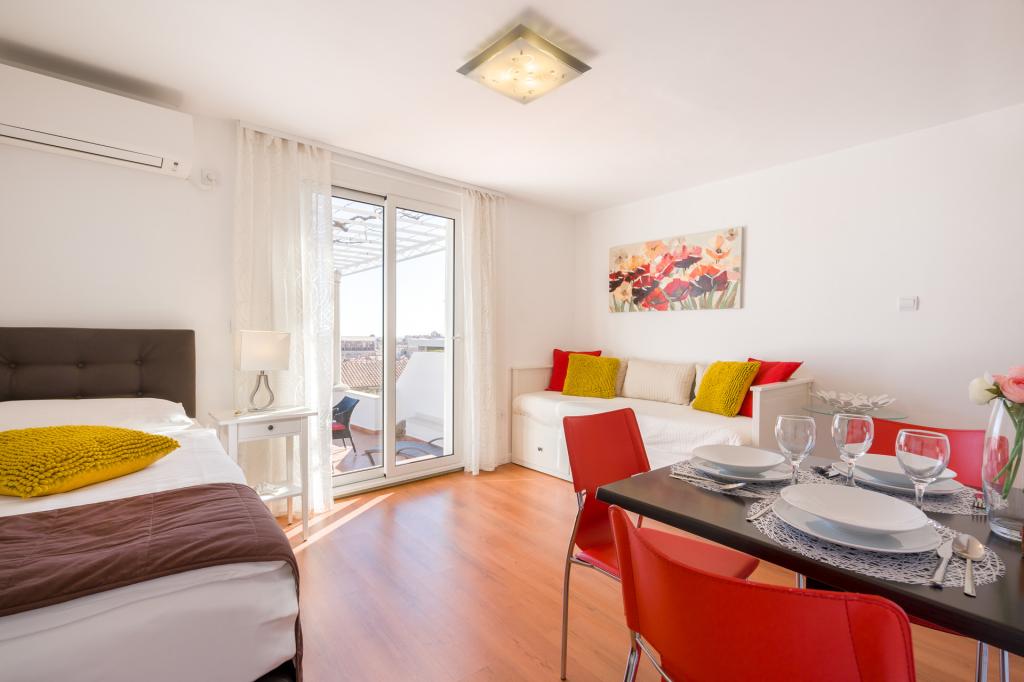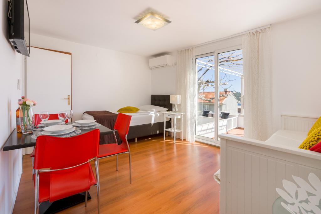 Apartament Banje Beach 3 (Buića 10) Ten klimatyzowany apartament oferuje 3 sypialnie, półtorej łazienki, w pełni wyposażoną kuchnię (zmywarka, piekarnik, kuchenka mikrofalowa, kuchenka indukcyjna, pralka,...) i jadalnię z dostęp do dużego tarasu z meblami wypoczynkowymi. Mieszkanie znajduje się w spokojnej okolicy, zaledwie 5-10 minut spacerem od Starego Miasta i najsłynniejszej plaży Banje. Do wszystkich atrakcji turystycznych można dotrzeć pieszo w zaledwie 10 minut. Apartament Banje Beach 1 Ten klimatyzowany apartament oferuje 2 sypialnie, kuchnię ze wszystkimi urządzeniami, łazienkę z wanną z hydromasażem oraz balkon z widokiem. Mieszkanie zlokalizowane jest w spokojnej okolicy, zaledwie 5-10 minut spacerem od Starego Miasta i najsłynniejszej plaży Banja. Do wszystkich atrakcji turystycznych można dotrzeć pieszo w zaledwie 10 minut. Apartament Glorijet (Buića 10) Ten apartament typu studio oferuje jedno łóżko i kanapę dla dodatkowej osoby, łazienkę, kuchnię ze zmywarką, dostęp do balkonu z widokiem i tarasu. Mieszkanie znajduje się zaledwie 5-10 minut spacerem od Starego Miasta i jego najsłynniejszych
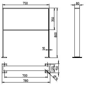- Maße mit Befestigungsplatte (B x T x H): 780 x 150 x 800 mm
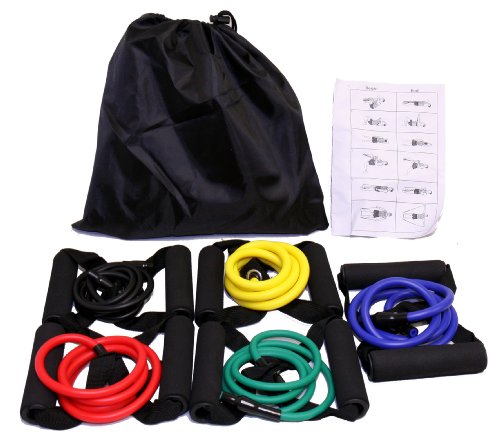Five individual resistance band set. Made with the highest quality of synthetic rubber to for maximum life
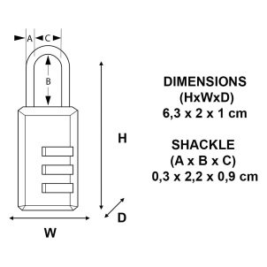 Cadenas à 3 chiffres - acier - noir - 20 mm
• • •
Task prompt: Starting at the line that contains "Five individual resistance", restate each line verbatim through the final line of the listing, skipping all pictures.

Exercise output:
Five individual resistance band set. Made with the highest quality of synthetic rubber to for maximum life
 Cadenas à 3 chiffres - acier - noir - 20 mm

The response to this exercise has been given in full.